Alors que se développe la polémique, l'Elysée et le gouvernement multiplient les mises au point. Aucun lien avec la libération des infirmières bulgares, affirmait David Martinon jeudi soir sur LCI. Vendredi matin, interrogé sur RTL, le ministre de la Défense Hervé Morin a souligné que la Libye s'était engagée à acheter à la France des missiles Milan, qui avait reçu "l'accord" d'une commission interministérielle française dès février 2007. Soit bien avant la libération des infirmières bulgares, avant même l'arrivée à l'Elysée de Nicolas Sarkozy.

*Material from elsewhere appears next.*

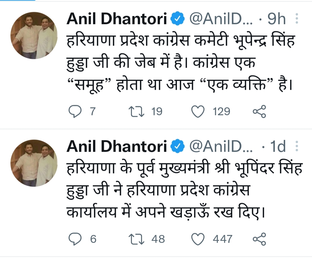 प्रतीत हो रहा है कि इस तरह की चाहत और दावे करने वालों को संभवतःअंदरुनी उफान का अंदाजा नहीं होगा। इस उफान की दो लहरें दो दिन के भीतर एक कांग्रेसी नेता के ट्वीट में दिखाई दे रही है। यह ट्वीट किया है राहुल गांधी की युवा ब्रिगेड के पूर्व विधायक अनिल धंतौड़ी ने। अनिल धंतौड़ी कुरुक्षेत्र जिला की शाहाबाद विधानसभा सीट से विधायक रह चुके हैं। उन्होंने अपनी राजनीति कांग्रेस के छात्र विंग एनएसयूआई से शुरु की थी। अनिल धंतौड़ी ने अपने ट्वीट में लिखा है कि हरियाणा के पूर्व मुख्यमंत्री श्री भूपेंद्र सिंह हुड्डा जी ने हरियाणा प्रदेश कांग्रेस कार्यालय में अपनी खडाऊं रख दिए। इसके कुछ घंटों बाद अनिल धंतौड़ी ने अपने अगले ट्वीट में लिखा है कि हरियाणा प्रदेश कांग्रेस कमेटी भूपेंद्र सिंह हुड्डा जी की जेब में है,कांग्रेस एक समूह होता था,आज एक व्यक्ति है।जिक्रयोग है कि एक दिन पहले कुरुक्षेत्र जिला की थानेसर विधानसभा सीट से विधायक रह चुके और भूपेंद्र सिंह हुड्डा के करीबी कहे जाने वाले पूर्व विधायक रमेश गुप्ता आम आदमी पार्टी में जा चुके हैं।

"Sur le contrat Milan, le personnel EADS était sur place depuis 45 jours, bien avant que Claude Guéant et Cécilia Sarkozy ne se rendent en Libye", le 12 puis du 22 au 24 juillet, a-t-il précisé. "Il faut être clair: il n'y a plus d'embargo, la Libye est un pays qui a renoncé à tout son programme nucléaire militaire, qui accepte parfaitement les contrôles de l'AIEA", a argumenté le ministre. "Donc, il n'y a aucune raison que les pays n'engagent pas des discussions pour moderniser l'armée libyenne. Si ce n'est pas nous, ce sera d'autres", a ajouté Hervé Morin. "Il y a des tas de pays en discussion avec Tripoli : les Italiens, les Russes, les Britanniques...". Réaffirmant qu'il n'y "a pas eu de contreparties" à la libération des Bulgares, car "tout était déjà en cours", le ministre a fait valoir que "sur les contrats d'armement, la finalisation, l'ultime touche passent, en général, par un acte politique : le déplacement du président, du Premier ministre, d'un ministre".
18 mois de négociations
Pour le reste, il n'a pas démenti les sommes annoncées la veille par un officiel libyen (un contrat de 168 millions d'euros pour l'achat de missiles antichar, un autre de 128 millions d'euros pour un système de communication radio). Et le ministre de la Défense a confirmé que les négociations portaient bien sur "des missiles Milan" et "des systèmes radio". Tout en soulignant : "Dès lors qu'on est en discussions depuis des mois et des mois, qu'il y a une commission interministérielle française disant : on est d'accord pour les vendre, en février 2007, il est logique que l'on aboutisse". Une version confirmée par le communiqué diffusé vendredi matin par EADS, évoquant une durée de "18 mois" de négociations.
Mais précisément, si le PS, qui dénonce vigoureusement ces contrats, admet l'existence de négociations depuis plusieurs mois, c'est la coïncidence entre leur conclusion et la libération des infirmières bulgares qui fait tiquer. Et la gauche réclame sans relâche "la transparence" sur cet épisode. Pour le député PS André Vallini, une telle "coïncidence est pour le moins curieuse. Tout ça commence à ressembler à une affaire d'Etat. J'espère que ça ne va pas apparaître comme un mensonge d'Etat".